### GIVEN DATA
-- -- --
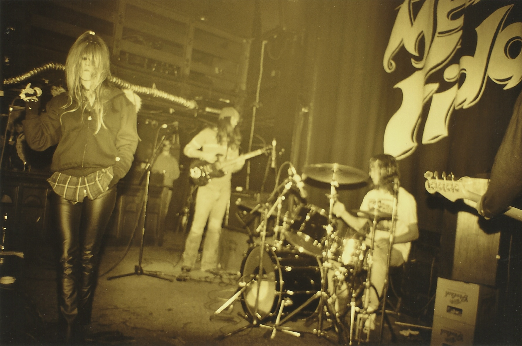 Royal Trux at Mean Fiddler, Harlesden, London, 1993 Early 90s American bands across England. Neate photos facebook page. More neate photos.
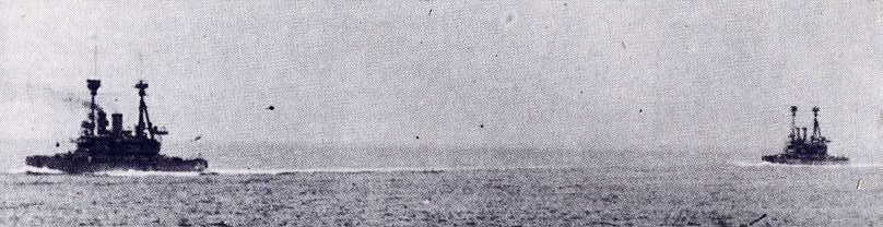 HMS Lord Nelson and HMS Agamemnon on patrol in the Dardanelles in 1915
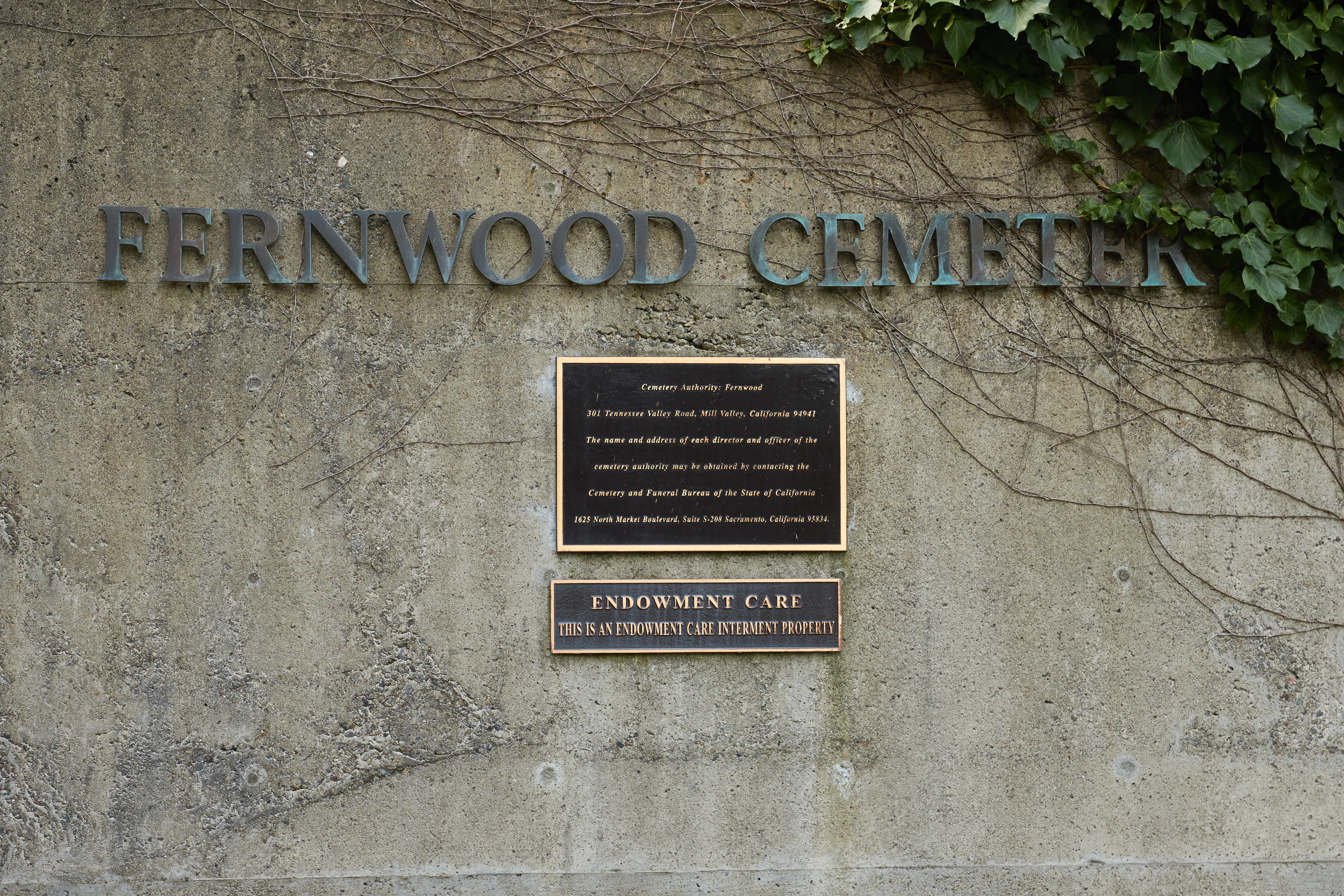 Fernwood Cemetery in Mill Valley, California.
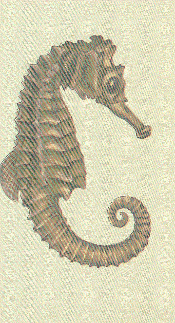 Hippocampus. Sea Horse Short-nosed Hippocampus Syngnathus hippocampus Hippocampus brevirostris Subject: Sea horses, Syngnathidae Tag: Fish
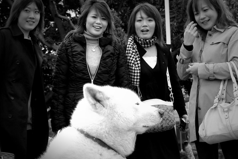 A dog in the center of attraction.
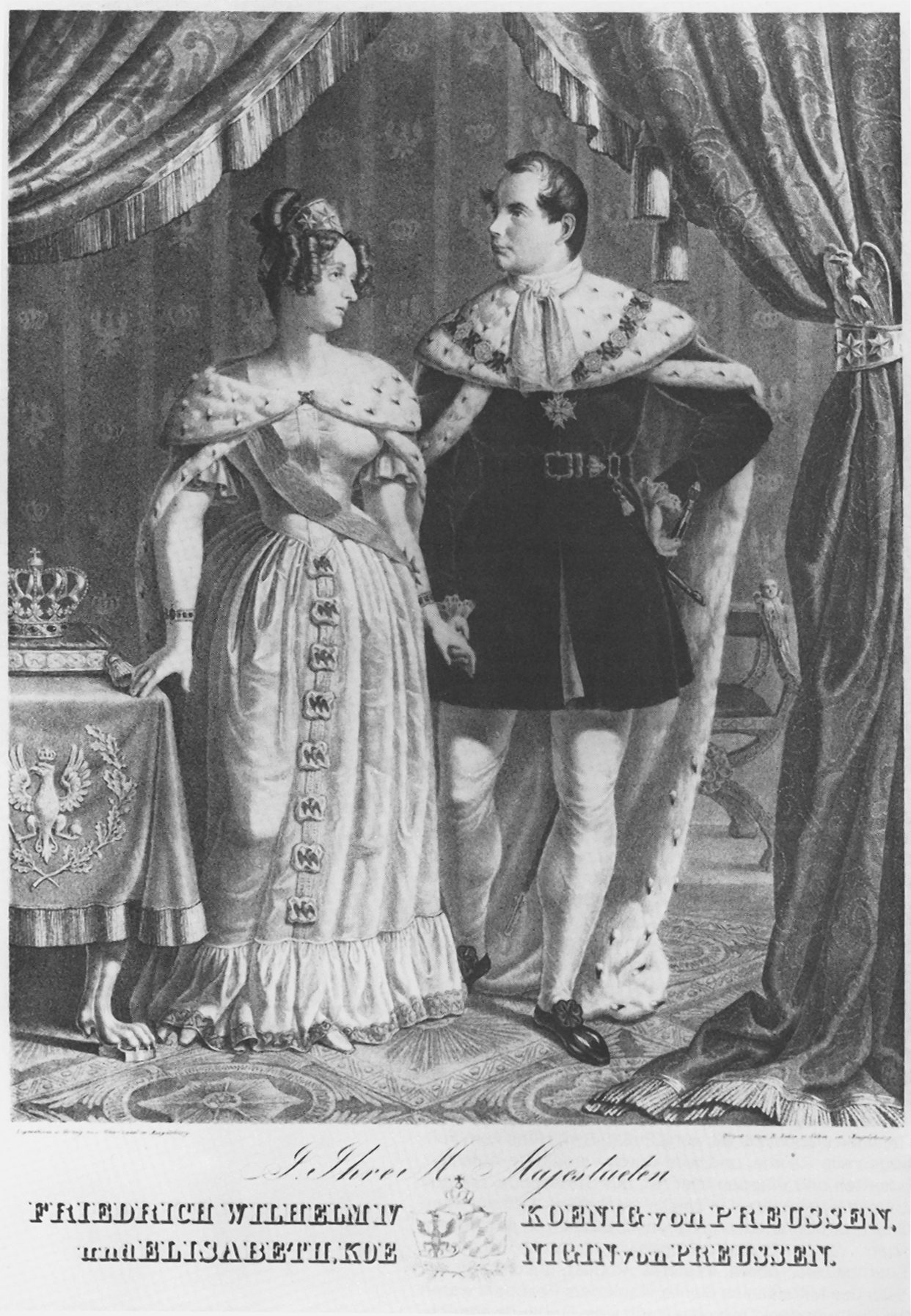 Frederick William IV of Prussia and his consort Elisabeth in their ermine-edged coronation robes, ca. 1840. Lithograph, printshop of B. Kehse & Sohn, Magdeburg.
-- -- --
### TASK BRIEF
Could you copy every record above exactly, leaving out the pictures?

### PROBLEM SOLUTION
 Royal Trux at Mean Fiddler, Harlesden, London, 1993 Early 90s American bands across England. Neate photos facebook page. More neate photos.
 HMS Lord Nelson and HMS Agamemnon on patrol in the Dardanelles in 1915
 Fernwood Cemetery in Mill Valley, California.
 Hippocampus. Sea Horse Short-nosed Hippocampus Syngnathus hippocampus Hippocampus brevirostris Subject: Sea horses, Syngnathidae Tag: Fish
 A dog in the center of attraction.
 Frederick William IV of Prussia and his consort Elisabeth in their ermine-edged coronation robes, ca. 1840. Lithograph, printshop of B. Kehse & Sohn, Magdeburg.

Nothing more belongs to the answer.